Assigned task | Your task is to output the listing word for word, with pictures excluded.

########################################

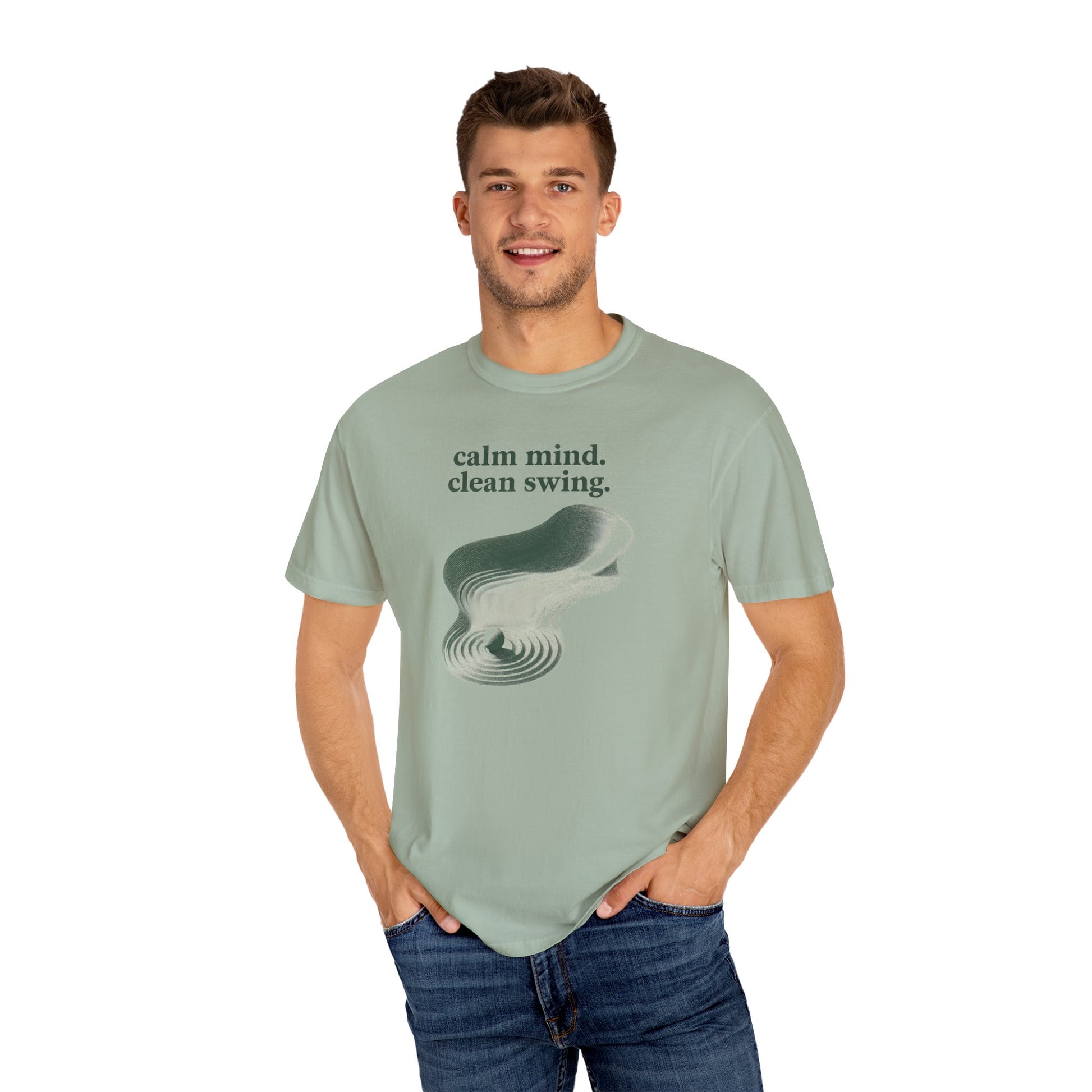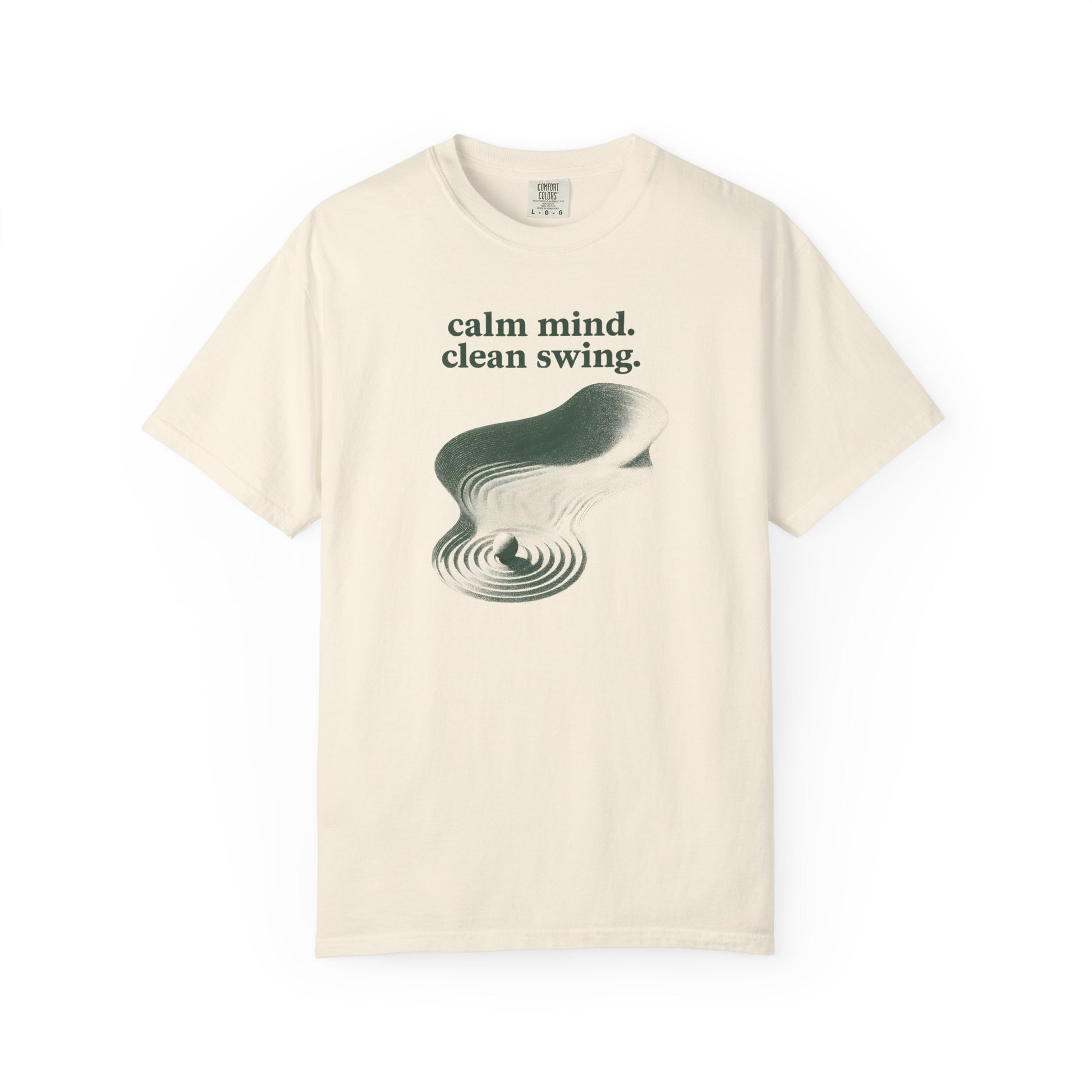 Golf is as much mental as it is physical. The Calm Mind. Clean Swing. tee blends minimalist design with a zen-inspired graphic, reminding players that focus and flow lead to better shots. A sleek, modern look for golfers who value clarity on and off the course.
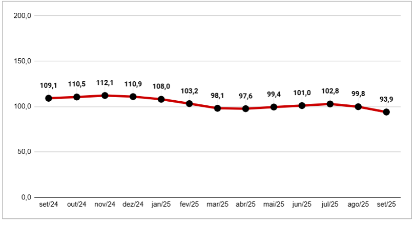 <![CDATA[O sentimento de pessimismo entre os empresários do varejo paulistano se aprofundou em setembro. O Índice de Confiança do Empresário do Comércio (ICEC), produzido pela Federação do Comércio de Bens, Serviços e Turismo do Estado de São Paulo (FecomercioSP), caiu 5,9%, ao passar de 99,8 pontos, em agosto, para 93,9 pontos, em setembro — é a segunda queda seguida atingindo a menor pontuação desde junho de 2021 [gráfico 1]. No comparativo anual, o indicador exibiu queda de 13,9%, a oitava consecutiva. [GRÁFICO 1]Índice de Confiança do Empresário do Comércio (ICEC)Série histórica — 13 mesesFonte: FecomercioSP De acordo com a FecomercioSP, o cenário é marcado por incertezas e preocupações com a desaceleração da atividade econômica. Como a Entidade já havia alertado, embora as vendas estivessem apresentando bons resultados, o dia a dia das empresas ainda é de muita dificuldade, com margens apertadas, crédito caro, empréstimos contraídos durante a pandemia que ainda estão sendo pagos, entre outros fatores que afetam a rentabilidade e a lucratividade. Os dados de negócios em recuperação judicial ou que faliram comprovam esse quadro difícil, que reflete na confiança. Os três componentes do ICEC — o Índice das Condições Atuais do Empresário do Comércio (ICAEC), o Índice de Expectativa do Empresário do Comércio (IEEC) e o Índice de Investimento do Empresário do Comércio (IIEC) — recuaram no comparativo mensal [gráfico 2]. A escala de pontuação varia de 0 (pessimismo total) a 200 pontos (otimismo total), sendo que a fronteira dos 100 pontos separa o pessimismo do otimismo. [GRÁFICO 2]Subíndices do ICEC — ICAEC, IEEC e IIECAgosto de 2024 a agosto de 2025Fonte: FecomercioSP O recuo de 6,5% do ICAEC, marcando 69,1 pontos em setembro, evidencia esse sentimento de insatisfação e de extrema dificuldade para manter as operações rotineiras, agravado pelos juros elevados e pela desaceleração e, até mesmo, pela queda nas vendas. É o menor patamar desde julho de 2021
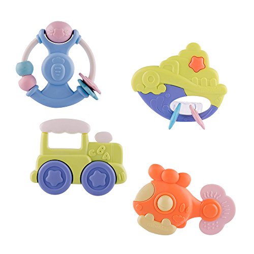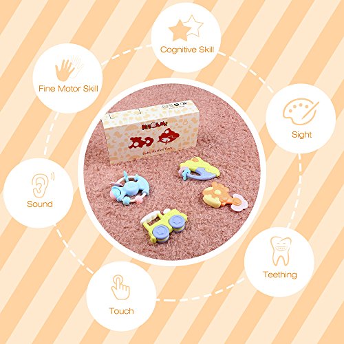 MULTI-COLORED RATTLE SET: 4 cute rattle toys in bright color, colorful beads make a pleasing rattle sound, good at develop baby’s sensory ability and musicality.
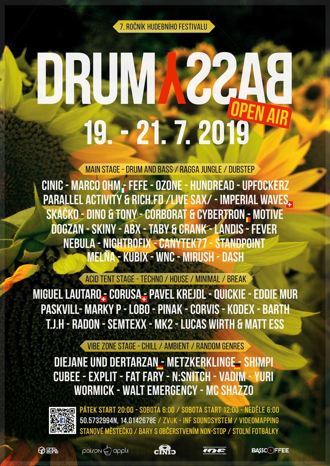 K dostaní na místě. Tři stage! Dva bary! DrumyBassy Suvenýr Shop! Místo na stany a auta, případně berte karavany. DrumYssaB soukromý řidič co vás dostane bezpečně na mejdan a zpět také zajištěn, číslo xxxxxxxxx brzy veřejné!
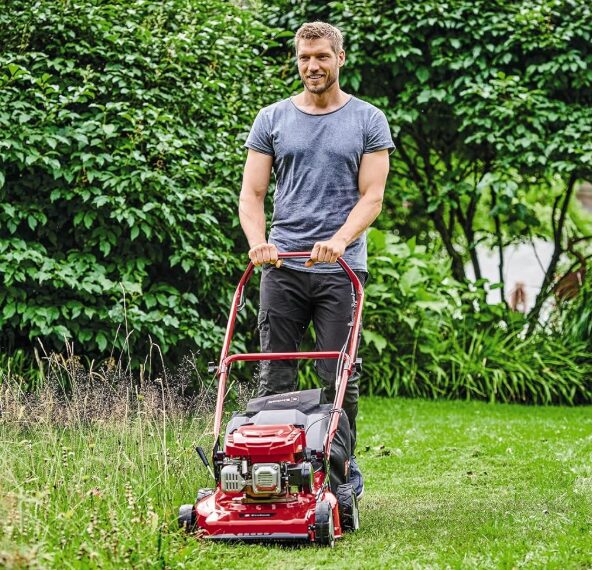 If you want something with a bit more muscle for bigger gardens and chunkier hills, the Einhell 46 cm self-propelled mower steps in like a gym enthusiast who actually knows what they are doing. Priced between £250 and £300, it is firmly in the mid-range category, but what you get for the money is genuinely impressive, especially if your lawn is closer to a field than a patch.
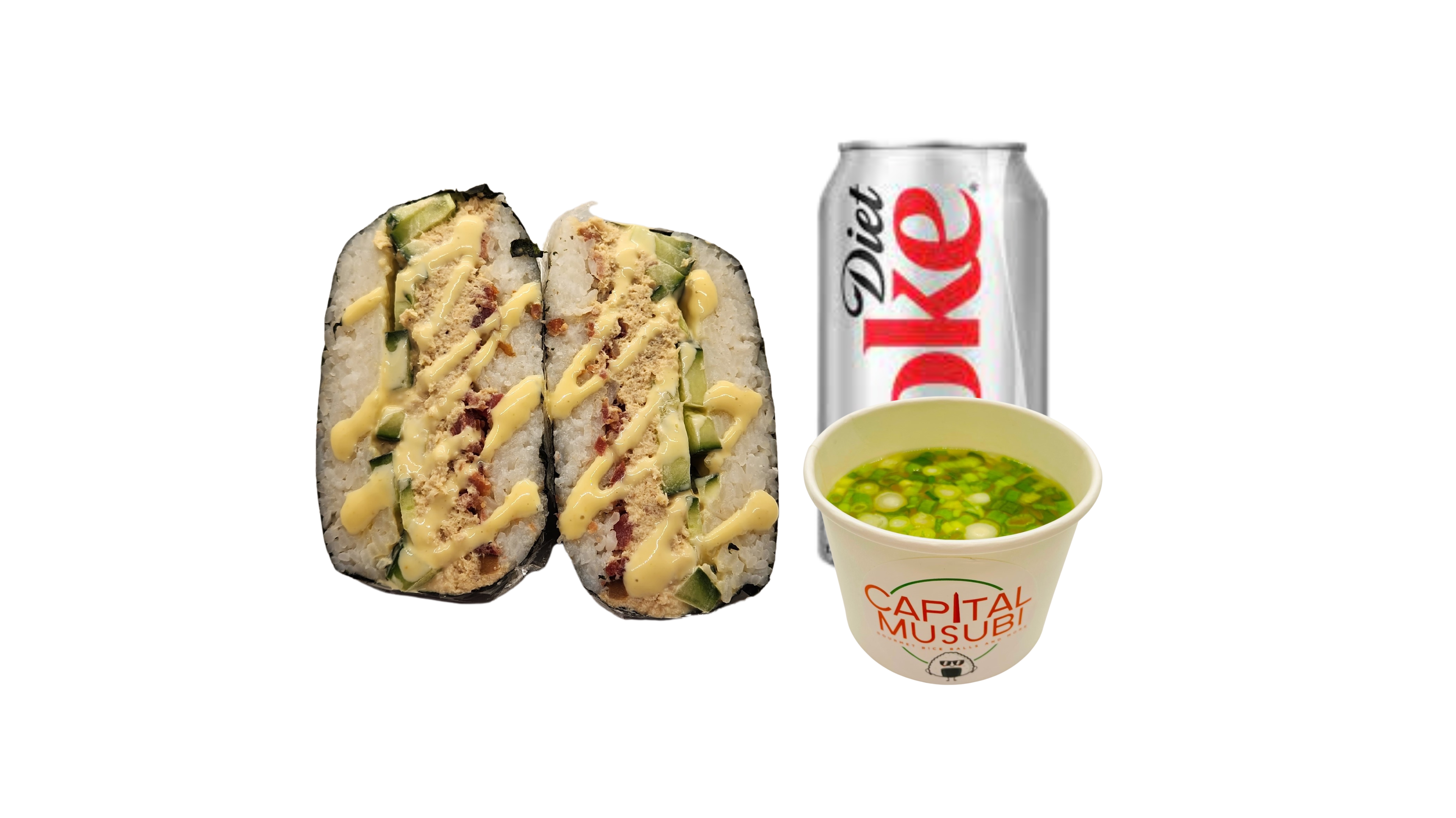 Supersize Musubi (Cooked Salmon, Bacon Crumbles, CM Mayo, cucumbers, toasted sesame seeds, furikake) wrapped in roasted seaweed sheet. Combo it with your choice of One side and One drink.
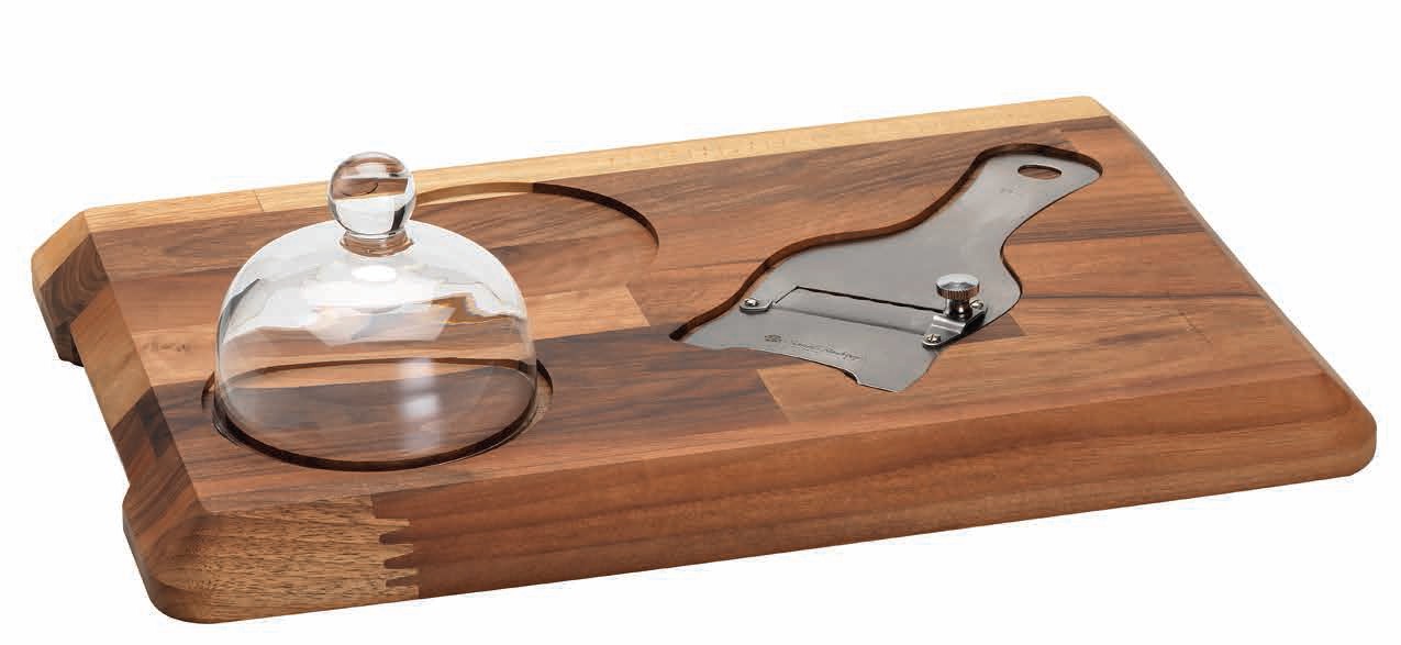 Tagliere taglia tartufi in Noce lamellare verniciato completo di coltello e campana, 45x35x3,2
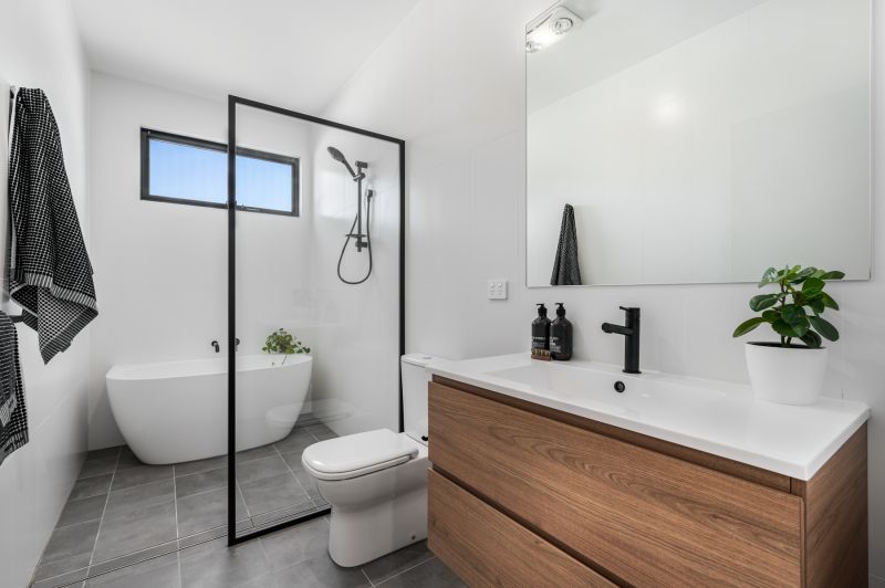 • Reece tapware in bathrooms and powder rooms, paired with stylish full-height tiling

########################################

Task response |
 Golf is as much mental as it is physical. The Calm Mind. Clean Swing. tee blends minimalist design with a zen-inspired graphic, reminding players that focus and flow lead to better shots. A sleek, modern look for golfers who value clarity on and off the course.
 <![CDATA[O sentimento de pessimismo entre os empresários do varejo paulistano se aprofundou em setembro. O Índice de Confiança do Empresário do Comércio (ICEC), produzido pela Federação do Comércio de Bens, Serviços e Turismo do Estado de São Paulo (FecomercioSP), caiu 5,9%, ao passar de 99,8 pontos, em agosto, para 93,9 pontos, em setembro — é a segunda queda seguida atingindo a menor pontuação desde junho de 2021 [gráfico 1]. No comparativo anual, o indicador exibiu queda de 13,9%, a oitava consecutiva. [GRÁFICO 1]Índice de Confiança do Empresário do Comércio (ICEC)Série histórica — 13 mesesFonte: FecomercioSP De acordo com a FecomercioSP, o cenário é marcado por incertezas e preocupações com a desaceleração da atividade econômica. Como a Entidade já havia alertado, embora as vendas estivessem apresentando bons resultados, o dia a dia das empresas ainda é de muita dificuldade, com margens apertadas, crédito caro, empréstimos contraídos durante a pandemia que ainda estão sendo pagos, entre outros fatores que afetam a rentabilidade e a lucratividade. Os dados de negócios em recuperação judicial ou que faliram comprovam esse quadro difícil, que reflete na confiança. Os três componentes do ICEC — o Índice das Condições Atuais do Empresário do Comércio (ICAEC), o Índice de Expectativa do Empresário do Comércio (IEEC) e o Índice de Investimento do Empresário do Comércio (IIEC) — recuaram no comparativo mensal [gráfico 2]. A escala de pontuação varia de 0 (pessimismo total) a 200 pontos (otimismo total), sendo que a fronteira dos 100 pontos separa o pessimismo do otimismo. [GRÁFICO 2]Subíndices do ICEC — ICAEC, IEEC e IIECAgosto de 2024 a agosto de 2025Fonte: FecomercioSP O recuo de 6,5% do ICAEC, marcando 69,1 pontos em setembro, evidencia esse sentimento de insatisfação e de extrema dificuldade para manter as operações rotineiras, agravado pelos juros elevados e pela desaceleração e, até mesmo, pela queda nas vendas. É o menor patamar desde julho de 2021
 MULTI-COLORED RATTLE SET: 4 cute rattle toys in bright color, colorful beads make a pleasing rattle sound, good at develop baby’s sensory ability and musicality.
 K dostaní na místě. Tři stage! Dva bary! DrumyBassy Suvenýr Shop! Místo na stany a auta, případně berte karavany. DrumYssaB soukromý řidič co vás dostane bezpečně na mejdan a zpět také zajištěn, číslo xxxxxxxxx brzy veřejné!
 If you want something with a bit more muscle for bigger gardens and chunkier hills, the Einhell 46 cm self-propelled mower steps in like a gym enthusiast who actually knows what they are doing. Priced between £250 and £300, it is firmly in the mid-range category, but what you get for the money is genuinely impressive, especially if your lawn is closer to a field than a patch.
 Supersize Musubi (Cooked Salmon, Bacon Crumbles, CM Mayo, cucumbers, toasted sesame seeds, furikake) wrapped in roasted seaweed sheet. Combo it with your choice of One side and One drink.
 Tagliere taglia tartufi in Noce lamellare verniciato completo di coltello e campana, 45x35x3,2
 • Reece tapware in bathrooms and powder rooms, paired with stylish full-height tiling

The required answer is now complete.